Матрас проваливается под тяжестью человека, который садится на кровать
справа от меня. Меня слабо стегают, и я
прячу голову под руку.
- Таким темпом вы провозитесь до завтра...
Голос звучит рядом с моей головой. Я чувствую запах пива и пота. Матрас
шевелится еще раз, сидевший справа
человек поднимается. Кто-то берет меня за волосы и передвигает мою голову. Я
открываю глаза.
- Тридцать пять долларов.
Удары становятся сильнее. Наши лица почти соприкасаются. В его глазах
почти не видно белков, зрачки
расширились. Я уже не могу ни стонать, ни сопротивляться.

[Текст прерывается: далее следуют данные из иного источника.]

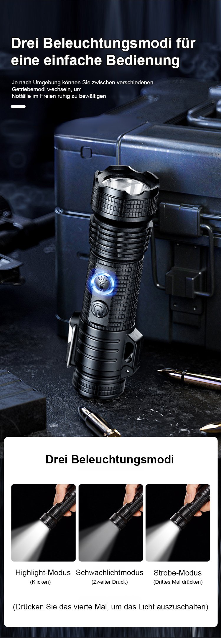 Multifunktionale Taschenlampe mit Elektroschock und Zündung

- Сорок долларов, - негромко говорит он. На лбу у него блестит пот.
Тот, кто надо мной, придавливает мою спину коленом, и от следующего удара
я ору во все горло. Я молча борюсь,
стараясь снять его руку с моей головы, отодвинуть свое лицо от него, дрыгая
ногами. Он хватает меня за запястья и грубо
сжимает их, снова хватает меня за волосы и оттягивает мне голову назад.
- Давай, мальчик, давай. Пятьдесят долларов, - свистящим шепотом выдыхает
он, прижимаясь своими губами к
моим. Следующий удар заставляет меня кричать внутри его рта, а следующий за ним
так силен, что я корчусь и вою.
- Все хорошо, Джимми, - говорит он так как сказал бы официанту, который
подал ему слишком большую порцию
жареного картофеля, или ребенку, который топает ногами, капризничая после
утомительного дня.
* * *
Все это время моя ежедневная жизнь днем оставалась такой же, как всегда:
я была независима, сама оплачивала
свои расходы (завтраки, плата за пустую квартиру, квитанции за газ и
электричество, дошедшие до минимума), сама
принимала решения, сама делала выбор. Но ночью я становилась полностью
зависимой, полностью на чужом иждивении.
От меня не ждали никаких решений. Я ни за что не несла ответственности, мне не
приходилось выбирать.
Я это обожала. Я это обожала. Обожала. Правда. Я это обожала.
С того мгновения, как я затворяла за собой дверь его квартиры, я знала,
что мне ничего больше не нужно делать,
что я здесь не для того, чтобы делать, а чтобы "быть сделанной". Другой человек
взял под контроль всю мою жизнь, вплоть
до самых интимных ее подробностей. Если я уже ничего не контролировала, взамен
мне было разрешено ни за что не
отвечать. Неделя за неделей чувство того, что я освобождена от всех забот
взрослого человека, приносило мне огромное
облегчение. "Хочешь, я завяжу тебе глаза?" - это был первый и последний
серьезный вопрос, который он мне задал. С этого
мгновения мне больше не пришлось принимать или отвергать (хотя один или два раза
мои возражения были составной
частью ритуала: они призваны были показать мое полное подчинение); речь больше
не шла ни о моих жизненных,
моральных или интеллектуальных вкусах, ни о последствиях моих поступков.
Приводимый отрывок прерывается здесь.